# Life Partner Visa



## 5446 (Nov 6, 2014)

I have been with my partner, a South African citizen, for close to five years and we have been living together for two.

I am British and recently enquired with his company regarding assistance to relocate to SA on a Life Partner visa. We were advised that they had spoken with the High Commission in London and that the High Commission there does not recognise this partnership.

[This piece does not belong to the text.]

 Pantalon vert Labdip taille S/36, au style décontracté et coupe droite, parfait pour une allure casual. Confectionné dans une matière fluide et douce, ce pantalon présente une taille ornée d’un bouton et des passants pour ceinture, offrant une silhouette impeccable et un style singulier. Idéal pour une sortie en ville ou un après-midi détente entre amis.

Can anyone clarify this for us?

Also, although we have been living together, we did not have a joint account, pay bills nor were either of us on a tenancy agreement. We have letters, bills etc addressed to us individually but going to the same address - would this count? 

TIA for any advice.


----------



## LegalMan (Dec 26, 2012)

5446 said:


> I have been with my partner, a South African citizen, for close to five years and we have been living together for two.
> 
> I am British and recently enquired with his company regarding assistance to relocate to SA on a Life Partner visa. We were advised that they had spoken with the High Commission in London and that the High Commission there does not recognise this partnership.
> 
> ...


This is incorrect. We've lodged applications there and had clients do same. The law is so clear that they would be doing something illegal (which we would fight and win in a court of law).

The issue possibly comes in with (1) living apart and (2) extra documents or procedures. Sometimes the SAHC has issues when the partners haven't lived together for a while. They also sometimes ask for strange things: photos, etc and have also been known to visit you at your residence.


----------



## 5446 (Nov 6, 2014)

Thank you for the quick response. I was sure this was the case, so it is good to see that clarified!

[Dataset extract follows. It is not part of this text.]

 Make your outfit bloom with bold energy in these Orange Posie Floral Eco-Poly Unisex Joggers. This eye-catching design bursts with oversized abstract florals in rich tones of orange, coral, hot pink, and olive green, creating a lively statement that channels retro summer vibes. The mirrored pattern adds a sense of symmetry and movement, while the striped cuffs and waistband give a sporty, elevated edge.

We have not even started an application but just trying to gather information. My partner has been working in South Africa since September and I have a work project to finish before planning on joining him in February.

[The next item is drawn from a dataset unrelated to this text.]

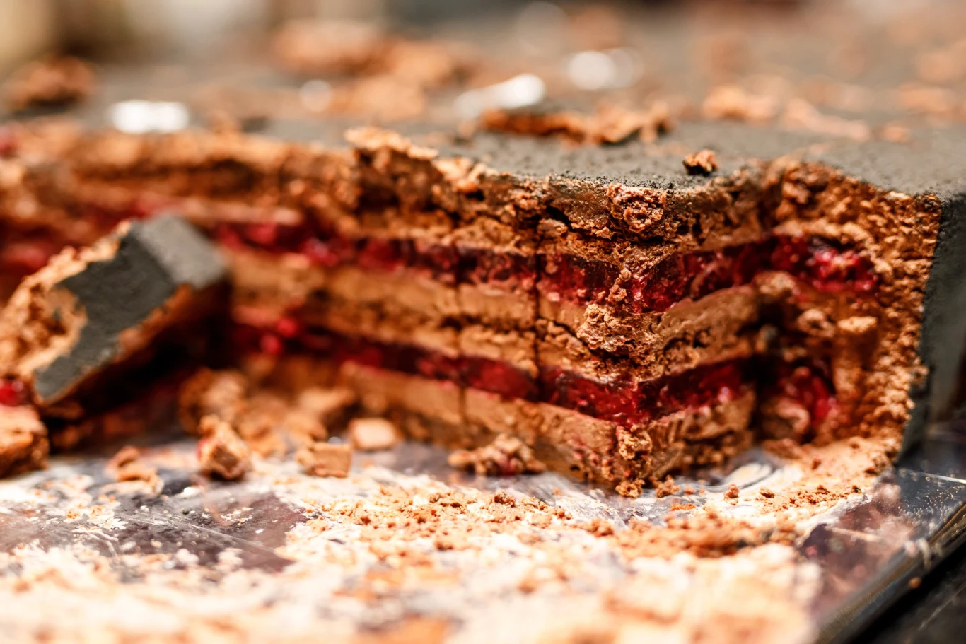 Przełóż kremem blaty ciasta ułożone na przemian z blatami galaretki. Wierzchnią warstwę także posmaruj cienko kremem i oprósz kakao. Wstaw na co najmniej kilka godzin do lodówki.

Would this gap of living apart for 6 months make a difference? We have emails, photographs etc proving that we have been together, as well as bills addressed to us individually at the same address. Thanks,


----------



## LegalMan (Dec 26, 2012)

Do you mean you've been apart for a while recently? That is exactly what the DHA is going to be hard on you about. You'd need to submit a great deal of proof to overcome that. A long-distance relationship doesn't qualify for a visa - lots more proof is needed.

Good luck!


----------